[Stored items]
*-*-*
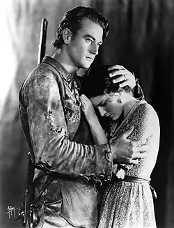 As a favor to coach Jones, who had given silent Western film star Tom Mix tickets to USC games, director John Ford and Mix hired Wayne as a prop boy and extra.[29][30] Wayne later credited his walk, talk, and persona to his acquaintance with Wyatt Earp, who was good friends with Mix.[29] Wayne soon moved to bit parts, establishing a longtime friendship with Ford, the director who provided most of those roles. Early in this period, he had a minor, uncredited role as a guard in the 1926 film Bardelys the Magnificent. Wayne also appeared with his USC teammates playing football in Brown of Harvard (1926), The Dropkick (1927), and Salute (1929) and Columbia's Maker of Men (filmed in 1930, released in 1931).[31] While working for Fox Film Corporation in bit roles, Wayne was given on-screen credit as "Duke Morrison" only once, in Words and Music (1929). Director Raoul Walsh saw him moving studio furniture while working as a prop boy and cast him in his first starring role in The Big Trail (1930). For his screen name, Walsh suggested "Anthony Wayne", after Revolutionary War General "Mad" Anthony Wayne. Fox Studios chief Winfield Sheehan rejected it as sounding "too Italian". Walsh then suggested "John Wayne". Sheehan agreed, and the name was set. Wayne was not even present for the discussion.[32] His pay was raised to $105 a week.[33]
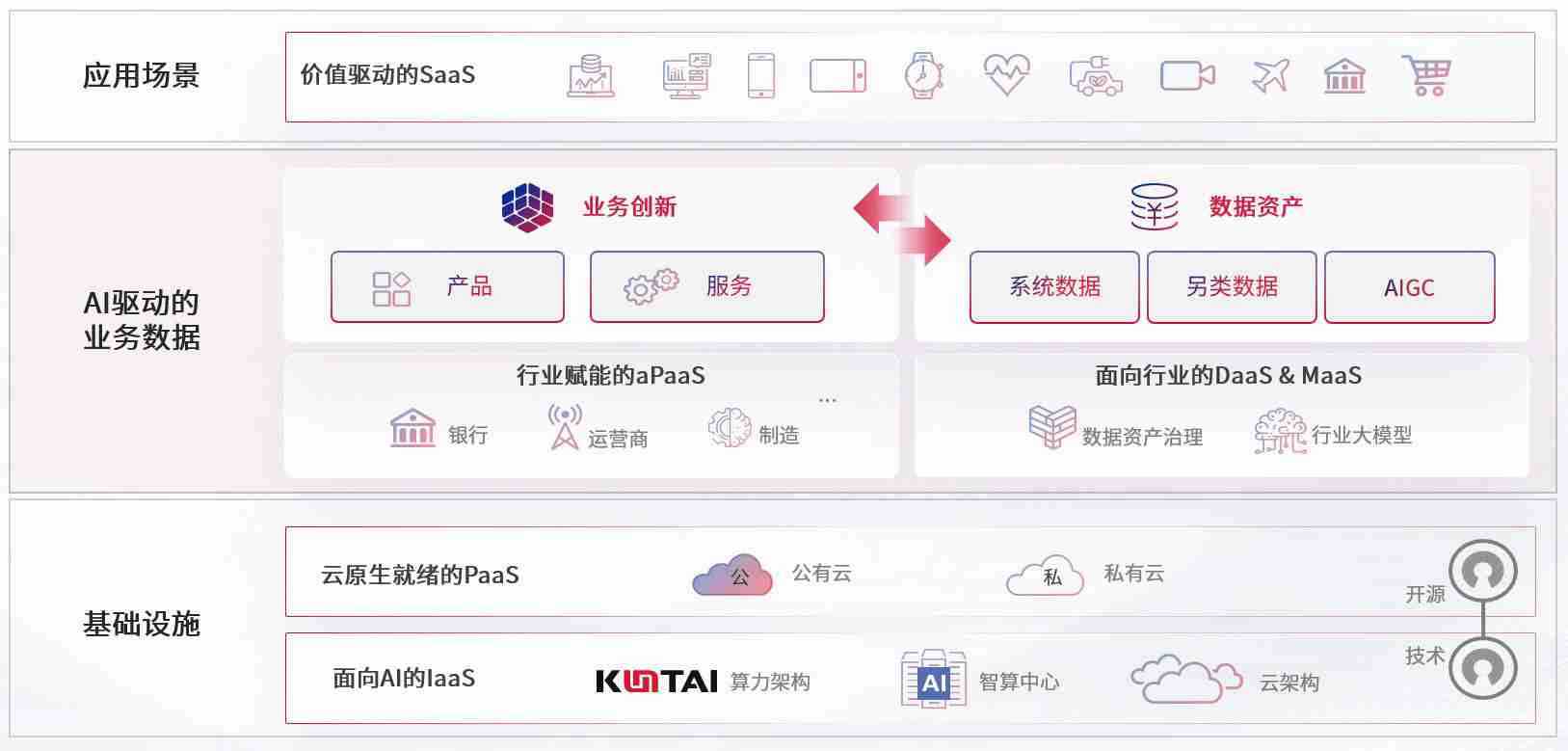 数字时代,,,围绕企业数字化转型的关键要素,,,z6尊龙旗舰厅数码开创性的提出数云融合战略和技术体系框架,,着力在云原生、、、、数字原生、、、、AI原生和信创产业上架构产品和服务能力,,,为处在不同数字化转型阶段的快消零售、、汽车、、、金融、、、、医疗、、政企、、教育、、、运营商等行业客户提供泛在的敏捷IT能力和融合的数据驱动能力,,,构建跨界融合创新的数字业务场景和新业务模式,,助力企业级客户建立面向未来的核心能力和竞争优势,,全面推动社会的数字化、、智能化转型升级。。
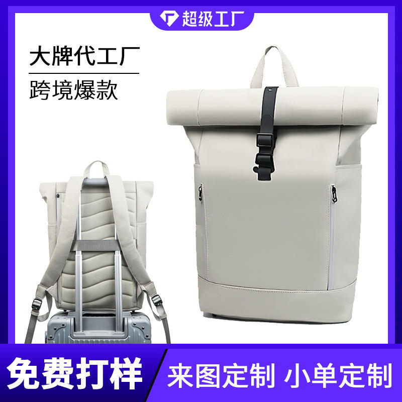 Minimalist Roll-Top Laptop Backpack Light Gray 20-35L Water Resistant Men's Commuter Bag for Business Travel and College Use
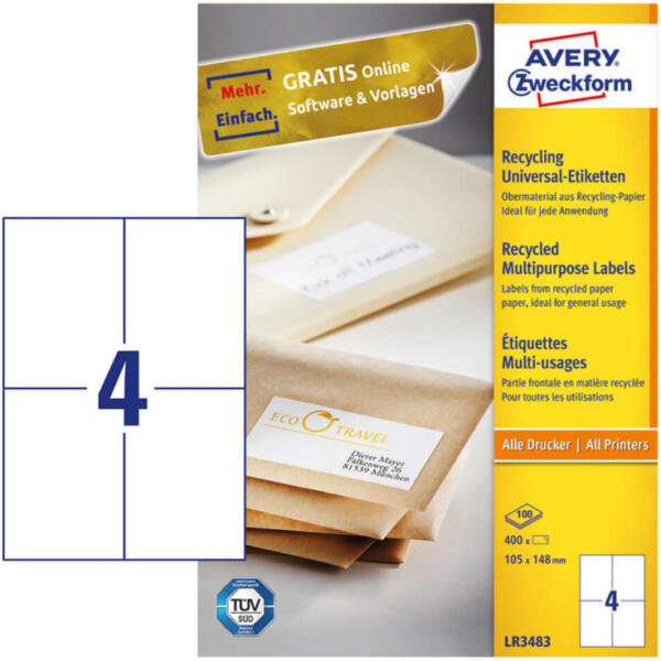 Újrahasznosított papírból készült (környezetbarát) az Avery Zweckform LR3483 cikkszámú, általános felhasználásra szánt A4-es íves címkéje!Matt papír alapanyagú, normál (vízbázisú) ragasztóval, mely széles hőmérsékleti tartományban használható. A papír öntapadó címke kültéri hatásoknak nem, vagy csak korlátozottan áll ellen. Az Avery Zweckform íves öntapad
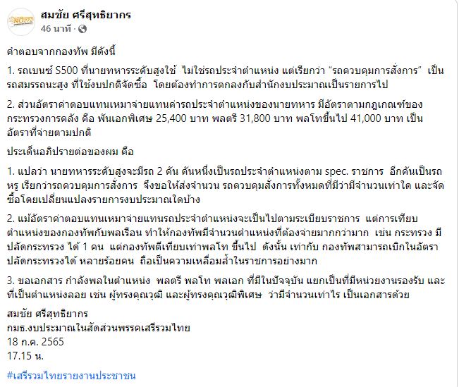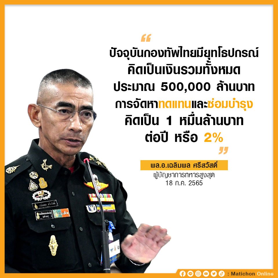 “ปัจจุบันกองทัพไทยมียุทโธปกรณ์คิดเป็นเงินรวมทั้งหมดประมาณ 500,000 ล้านบาท การจัดหาทดแทนในส่วนที่จำเป็น และซ่อมบำรุงคิดเป็น 1 หมื่นล้านบาทต่อปี หรือ 2% เพื่อดูแลรักษาให้คงสภาพ รวมถึงงบประมาณด้านการฝึกกำลังพล การสับเปลี่ยนกำลังทดแทน
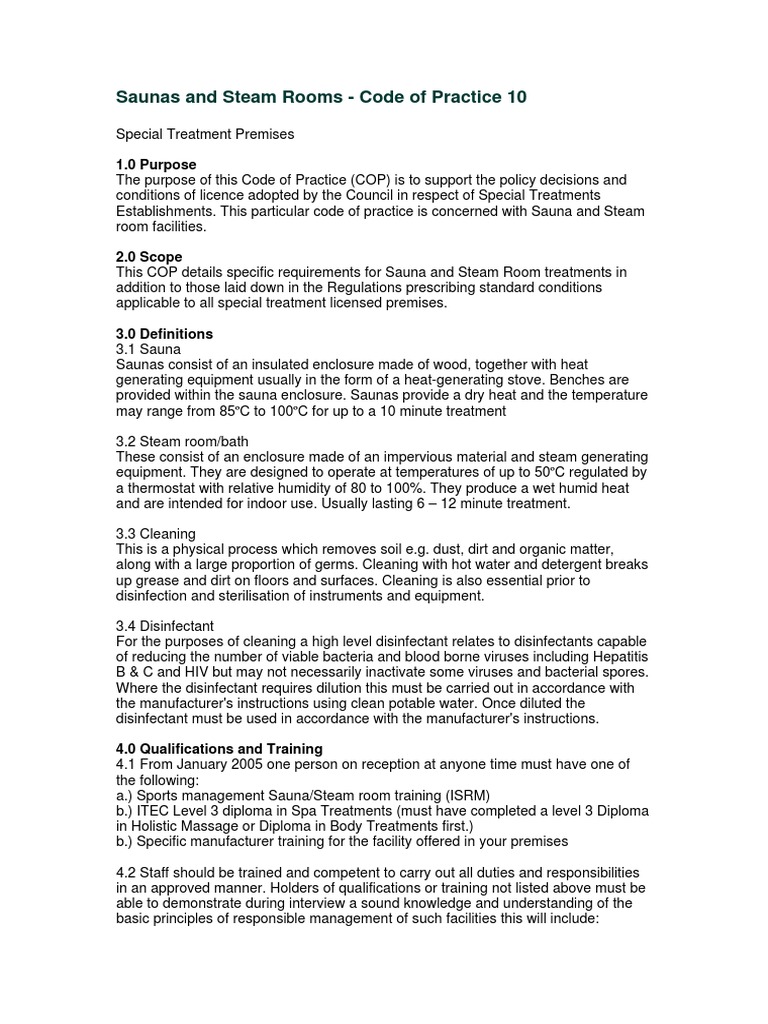 Saunas and steam rooms code of practice 10 special treatment premises.
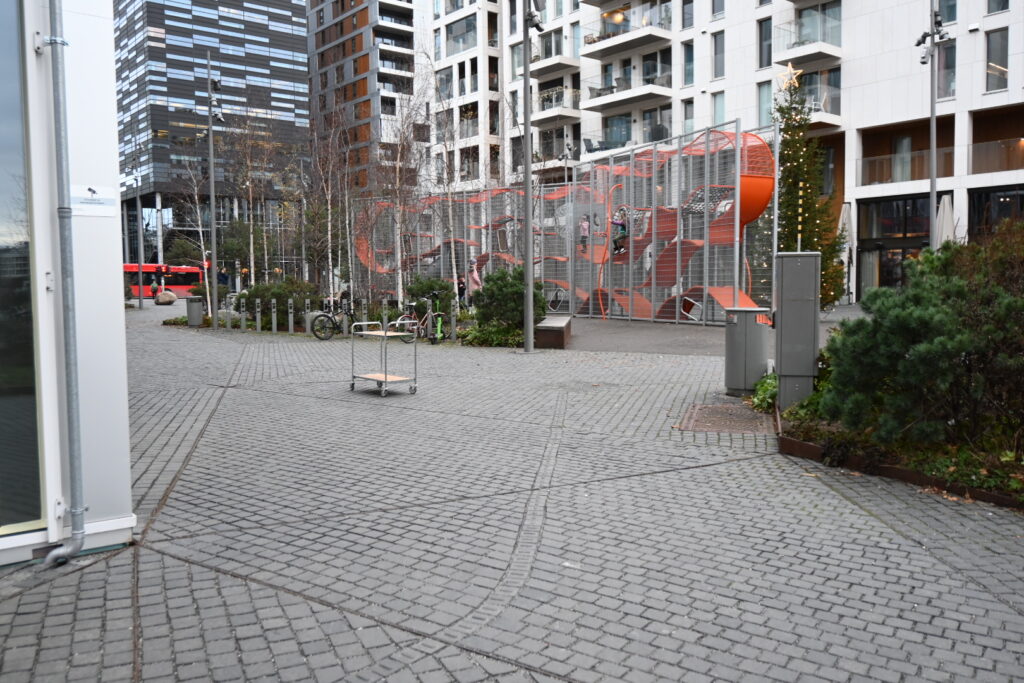 街の雰囲気に調和する遊び場。(寒そう)
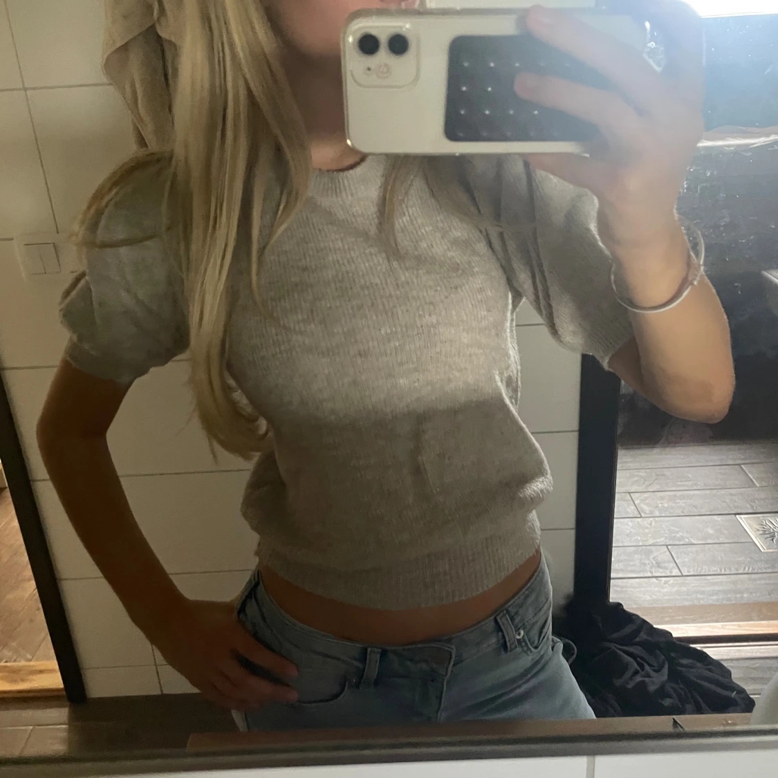 Superfin beige stickad topp från Vero Moda med kort puffärm och rund hals. Modellen är croppad och har ribbade kanter vid ärmslut och nederkant. Perfekt för dig som gillar en enkel men trendig look.
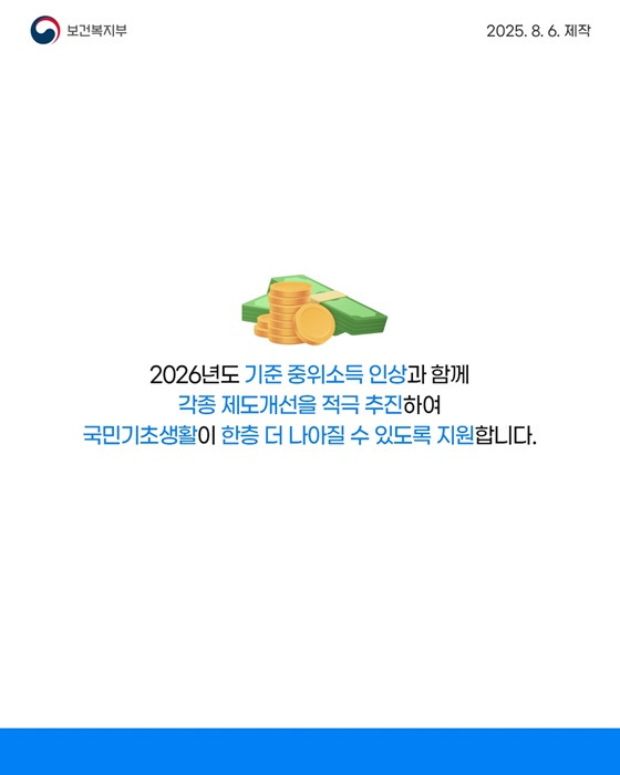 이번 인상으로 더 많은 저소득층이 지원 대상에 포함되며, 특히 청년·노령층 지원 확대가 주목됩니다.
*-*-*
The required output is the lines from the one containing "Superfin beige stickad" through the end of the records above, reproduced exactly, with no pictures.

 Superfin beige stickad topp från Vero Moda med kort puffärm och rund hals. Modellen är croppad och har ribbade kanter vid ärmslut och nederkant. Perfekt för dig som gillar en enkel men trendig look.
 이번 인상으로 더 많은 저소득층이 지원 대상에 포함되며, 특히 청년·노령층 지원 확대가 주목됩니다.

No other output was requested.